Plasma sEpoR decreased by 19% and remained below baseline values throughout high-altitude exposure. In parallel, Epo levels increased during the first hours, reaching a peak at 48 hours, and then progressively decreased until 72 hours. As a result, the Epo-to-sEpoR ratio (Epo/sEpoR) remained significantly elevated compared with baseline values. RC increased linearly until the end of the protocol, and hematocrit only showed a marginal increase.

Conclusion:

Our results show that high-altitude hypoxia causes a significant and stable reduction of plasma sEpoR concentration within the first 24 hours, whereas plasma Epo constantly decreases after having reached a maximum by 48 hours. This simultaneous change leads to a relatively high Epo/sEpoR after 72 hours at high altitude. The early increase in hematocrit likely relates to hemoconcentration, but the steady increase in RC reflects a sustained erythropoietic drive that will lead to elevate hematocrit to a new steady state after acclimatization.

Introduction

Increased erythropoiesis is probably the best known physiological response to chronic hypoxia and a hallmark of high-altitude acclimatization. Hypoxia induces the expression of the glycoprotein hormone erythropoietin (Epo), which mediates the increase in red blood cell (RBC) production. Once in the bloodstream, Epo acts on the bone marrow and promotes the survival, proliferation, and differentiation of erythroid progenitors by binding to its receptor (EpoR) (Koury and Bondurant, 1988, 1990; Broudy et al., 1991; Kelley et al., 1994; Silva et al., 1996). Although Epo is expressed in several tissues, the cortical peritubular fibroblasts in the kidney are the primary site of Epo production, and responsible for its increased concentration in blood during hypoxia (Lacombe et al., 1988; Eckardt et al., 1989; Tan et al., 1992; Bachmann et al., 1993; Marti et al., 1996).

After acute hypoxic exposure, plasma Epo concentration increases within 1.5–2 hours, reaches maximal values within the first 48 hours, and decreases after that despite the sustained hypoxic stimulus. This early decrease occurs before red cell mass, and thus arterial oxygen content increases significantly (Faura et al., 1969; Abbrecht et al., 1972; Milledge and Cotes, 1985). However, the erythropoietic process continues and reaches a steady-state at a substantially higher hematocrit level despite circulating Epo concentration close to sea-level values.
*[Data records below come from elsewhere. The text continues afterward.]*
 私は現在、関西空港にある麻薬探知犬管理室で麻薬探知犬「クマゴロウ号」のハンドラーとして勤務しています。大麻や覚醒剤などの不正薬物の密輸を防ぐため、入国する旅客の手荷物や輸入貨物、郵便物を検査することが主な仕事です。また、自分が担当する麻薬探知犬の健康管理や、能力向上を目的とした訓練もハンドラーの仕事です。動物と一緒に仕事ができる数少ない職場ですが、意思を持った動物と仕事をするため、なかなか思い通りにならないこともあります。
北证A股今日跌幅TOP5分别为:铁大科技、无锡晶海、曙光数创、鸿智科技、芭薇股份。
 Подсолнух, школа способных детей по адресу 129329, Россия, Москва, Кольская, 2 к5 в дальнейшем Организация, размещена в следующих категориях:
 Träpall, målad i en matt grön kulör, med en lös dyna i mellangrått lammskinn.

This phenomenon is known as the “Epo paradox” (Bärtsch and Milledge, 2014) and implies that only a marginally increased plasma Epo concentration is required to support continued erythropoiesis and to sustain erythropoietic drive under chronic hypoxic conditions. Because the half-life of RBCs is ∼3 months, their rate of destruction results much slower than their rate of production under this long-term altitude exposure, and therefore a higher steady-state hematocrit value is maintained. The increased RBC production rate is achieved by an enhanced erythropoietic sensitivity, which includes the upregulation of membrane EpoR and antiapoptotic factors in erythroid progenitors in the bone marrow (Zon et al., 1991; Ferreira et al., 2005; Zhang et al., 2012). A soluble form of the Epo receptor (sEpoR) has been suggested to modulate the action of plasma Epo before it reaches its target receptor in tissues (Sawada et al., 1987; Nagao et al., 1992; Baynes et al., 1993; Harris and Winkelmann, 1996). Soluble EpoR competes with EpoR to bind Epo, thereby limiting the ability of Epo to bind EpoR. Thus, decreasing plasma sEpoR concentration increases free Epo concentration and therefore increases its availability.
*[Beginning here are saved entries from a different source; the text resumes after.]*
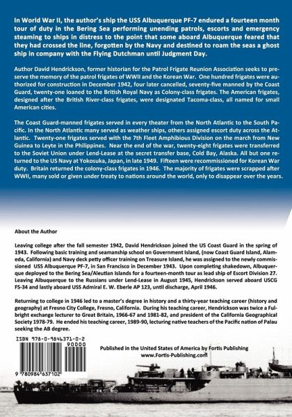 In World War II, the author's ship the USS Albuquerque PF-7 endured a fourteen month tour of duty in the Bering Sea performing unending patrols, escorts and emergency steaming to ships in distress to the point that some aboard Albuquerque feared that they had crossed the line, forgotten by the Navy and destined to roam the seas a ghost ship in company with the Flying Dutchman until Judgment Day. Author David Hendrickson, former historian for the Patrol Frigate Reunion Association seeks to preserve the memory of the patrol frigates of WWII and the Korean War. One hundred frigates were authorized for construction in December 1942, four later cancelled, seventy-five manned by the Coast Guard, twenty-one loaned to the British Royal Navy as Colony-class frigates. The American frigates, designed after the British River-class frigates, were designated Tacoma-class, all named for small American cities. The Coast Guard-manned frigates served in every theater from the North Atlantic to the South Pacific. In the North Atlantic many served as weather ships, others assigned escort duty across the Atlantic. Twenty-one frigates served with the 7th Fleet Amphibious Division on the march from New Guinea to Leyte in the Philippines. Near the end of the war, twenty-eight frigates were transferred to the Soviet Union under Lend-Lease at the secret transfer base, Cold Bay, Alaska. All but one returned to the US Navy at Yokosuka, Japan, in late 1949. Fifteen were recommissioned for Korean War duty. Britain returned the colony-class frigates in 1946. The majority of frigates were scrapped after WWII, many sold or given under treaty to nations around the world, only to disappear over the years. About the Author Leaving college after the fall semester 1942, David Hendrickson joined the US Coast Guard in the spring of 1943. Following basic training and seamanship school on Government Island, (now Coast Guard Island, Alameda, California) and Navy deck petty officer training on Treasure Island, he was assigned to the newly commissioned USS Albuquerque PF-7, in San Francisco in December 1943. Upon completing shakedown, Albuquerque deployed to the Bering Sea/Aleutian Islands for a fourteen-month tour as lead ship of Escort Division 27. Leaving Albuquerque to the Russians under Lend-Lease in August 1945, Hendrickson served aboard USCG FS-34 and lastly aboard USS Admiral E. W. Eberle AP 123, until discharge, April 1946. Returning to college in 1946 led to a master's degree in history and a thirty-year teaching career (history and geography) at Fresno City College, Fresno, California. During his teaching career, Hendrickson was twice a Fulbright exchange lecturer to Great Britain, 1966-67 and 1981-82, and president of the California Geographical Society 1978-79. He ended his teaching career, 1989-90, lecturing native teachers of the Pacific nation of Palau seeking the AB degree.
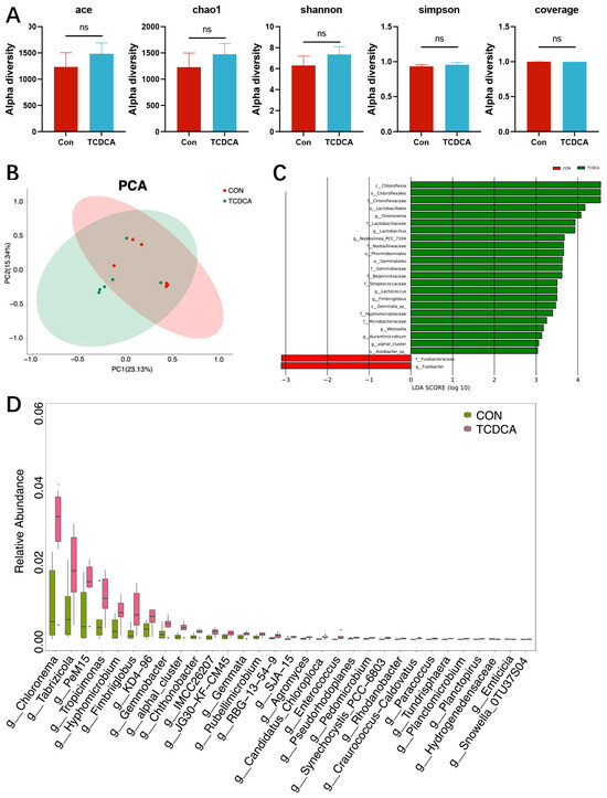 Intestinal microbes between Con and TCDCA groups in P. clarkia. (A), alpha diversity analysis, ns represent p > 0.05; (B), Principal Component Analysis (PCA); (C), microbial community biomarkers: LEfSe analysis identified the taxa with the most remarkable differences in abundance among the three taxa; (D), microbial comparation analysis between Con and TCDCA groups at the genus level. In (C,D), “c_, o_, f_, g_, s_” are the prefixes of the bacteria.
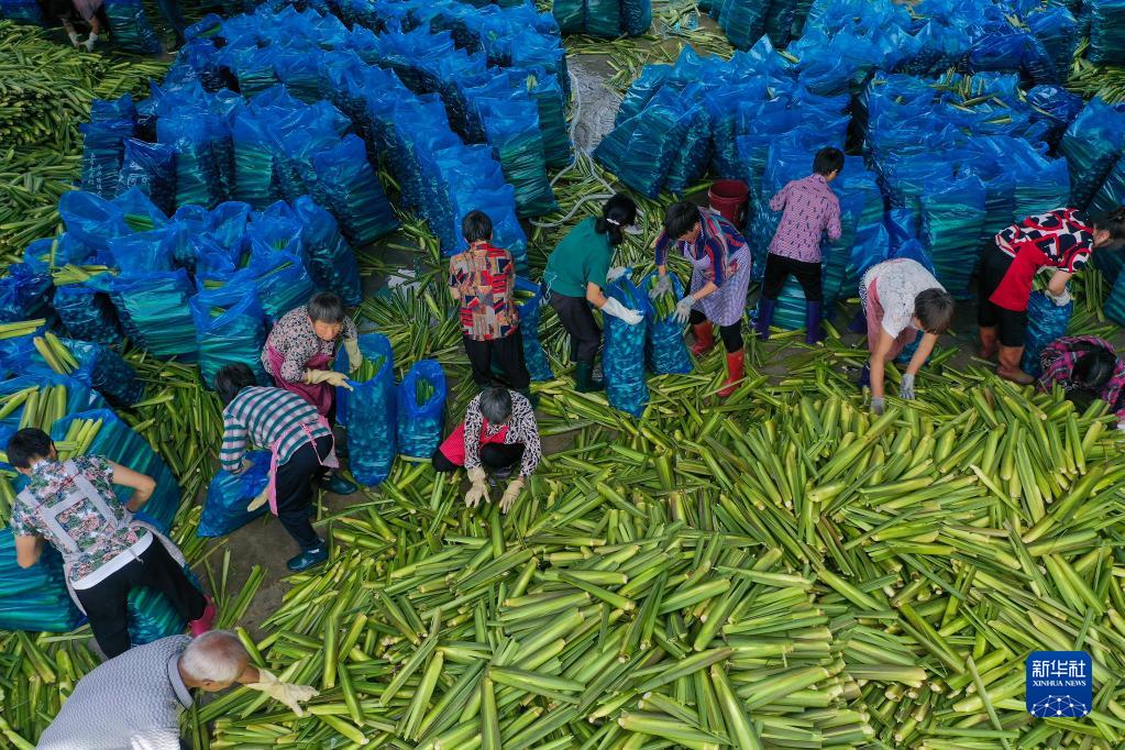 2021年8月25日,在浙江省麗水市景寧畬族自治縣大漈鄉大漈村茭白交易市場(chǎng),村民將新收割的茭白打包冷藏(無(wú)人機照片)。新華社發(fā)(李肅人 攝)
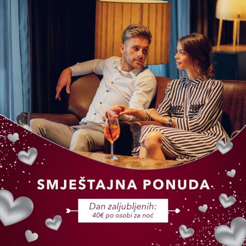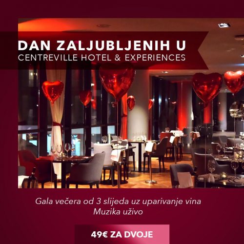 Kreativni tim hotela CentreVille prpremio je poseban smještajni paket u sedmici od 11. do 17. februara. Za samo 40 eura po osobi gostima je omogućeno da provedu noć u romantičnoj sobi u kojoj će ih dočekati proseko, slatka reprezentacija hotelskog poslastičara kao i kafa, čaj i voda. Takođe, u sklopu ove ponude, gosti će moći da uživaju 20% popusta na sve tretmane i usluge Banya Wellness i SPA centra, 20% popusta na hranu i piće u The Living Room-u, besplatan bežični Internet i besplatan parking.
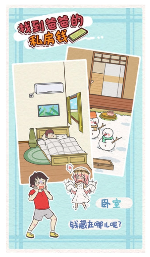 《找到爸爸的私房钱》免费版,开启趣味解谜全新体验!即刻化身小小侦探,穿梭于精心布置的房间,探寻隐匿线索。Q萌可爱的画风,搭配极度烧脑的谜题,全方位考验你的观察力与逻辑思维能力。从寻常的日常物品,到鲜为人知的隐秘角落,随着剧情不断深入推进,更多精彩关卡与趣味道具等你解锁。别再犹豫,快来开启这场充满惊喜与欢乐的寻宝大冒险吧!
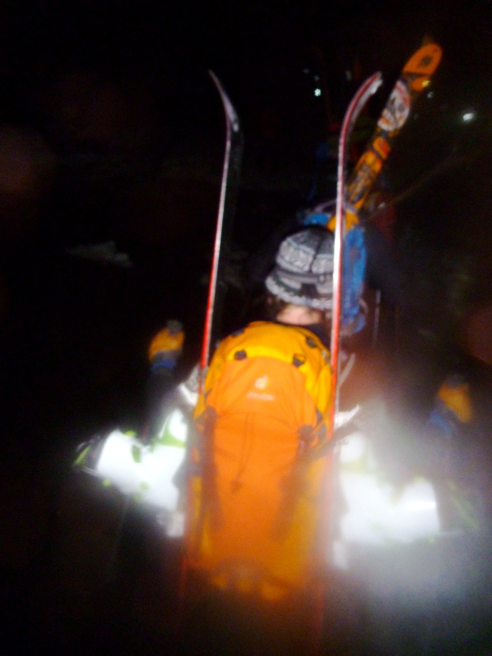 The dark was disorienting, with what seemed like hundreds of headlamps bobbing through the dark. Then, I looked up and saw the outline of one of the racers taking his ski and throwing it, cussing.

Brugniaux et al. (2011) showed that men exposed to intermittent normobaric hypoxia for 8 days (2-minute hypoxia at P_ETO₂ ∼45 mmHg, followed by 2-minute reoxygenation, 6 hours/day) showed significant downregulation of plasma sEpoR from the first day, reaching a 70% reduction by the second day. After reaching its minimum concentration, decline increases by 24%, to then remain stable until the end of the protocol. In parallel, Epo concentration increased by 50% on the second day, and remained elevated 36% from baseline by day 4, to then return to baseline values by day 8 (Brugniaux et al., 2011). However, it is possible that the decline and later partial recovery of sEpoR levels are consequence of the intermittency and short duration of hypoxic exposure, which does not allow for an acclimatization process. Whether these changes occur with a similar or different pattern during short-term high-altitude exposure with ongoing acclimatization, is yet unknown.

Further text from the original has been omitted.